A review in The Observer said that your 1998 production of Antigone in Ireland “eschewed topicality.” Do you have any use for topicality in the theater?


It absolutely has a place on the stage. I also love the idea that theater could possibly not be topical yet be very political at the same time. I think that only a bad work of art tells you that there’s nothing wrong with the way you see the world. A proper work of art, like van Gogh, says, “Do you really think a sunflower looks like that?” A proper work of art always seeks to change your perception, which is a political idea. Even a good still life is political. I was talking about this with [director] Peter Brook. Sometimes it’s useful in Shakespeare to make direct political connections. In Othello, a Muslim invasion is threatened, the only general who can save them is black, so there we are. Of course, it’s incredibly political. It’s not, you know — Othello is not Colin Powell. It works on so many different levels, it’s about men and women, it’s about God, it’s about the great themes of life digested effortlessly into a human story.
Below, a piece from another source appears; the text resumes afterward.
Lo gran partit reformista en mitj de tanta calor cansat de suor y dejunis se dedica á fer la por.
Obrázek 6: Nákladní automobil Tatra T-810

And do audiences apply topicality where you didn’t intend it?


When we did The Tempest in England, everybody said it was about Thatcher; in Romania, they said it was about [the wife of] Ceausescu.
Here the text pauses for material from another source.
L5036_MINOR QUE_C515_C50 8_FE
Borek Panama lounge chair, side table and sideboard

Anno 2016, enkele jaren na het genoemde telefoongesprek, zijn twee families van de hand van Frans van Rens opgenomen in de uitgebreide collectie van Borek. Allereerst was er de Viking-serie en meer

The [Samuel] Beckett Estate is adamant about the primacy of the late playwright’s words in productions of his plays. With your focus on the actors, how would you approach a play by Beckett?
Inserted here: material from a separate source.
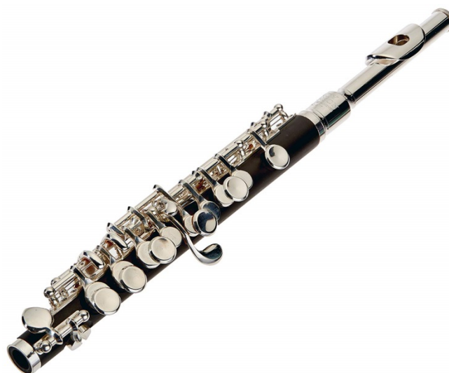
Slika 18. Fotografije instrumenata – piccolo

Ovaj način slušanja omogućio je povezivanje zvuka s izgledom instrumenta te smo se tako podsjetili flaute, violine i zvončića i upoznali s fagotom i piccolom. Za svaki od navedenih instrumenata pitala sam djecu zvuče li tonovi koje on svira visoko ili duboko što je poslužilo kao odličan uvod u igru iz sljedećeg dijela aktivnosti. A. A. je prepoznao violončelo, O. O. je, ugledavši i čuvši fagot, izjavio: „To je neka drugačija truba“, a A. A. „Puše i zrak ide gore i proizvodi zvukove. Svira duboke tonove“. M. M. je prepoznao flautu i visok zvuk njezinih tonova. T. T. je prepoznao violinu, a Š. Š. je ispod fotografije koju sam im pokazala pročitala piccolo. I. I., koji

First we should be very, very scared of fundamentalists. Christ very clearly said, follow the spirit of the law and not the letter. And that goes through every spiritual system.


Anybody who is fundamentalist is not fundamental. It’s the spirit of the law that matters, not the letter of the law. That’s how it is with a play. You can, of course, follow the letter and completely deny the spirit. Why should a writer be the best judge of their own work, anyway? Great artists have the humility to know that they’re only a part of a process.


You’ve staged Romeo and Juliet with Russian dancers, The Winter’s Tale with Russian actors touring Britain with subtitles. How important is language to you, in the conveyance of meaning?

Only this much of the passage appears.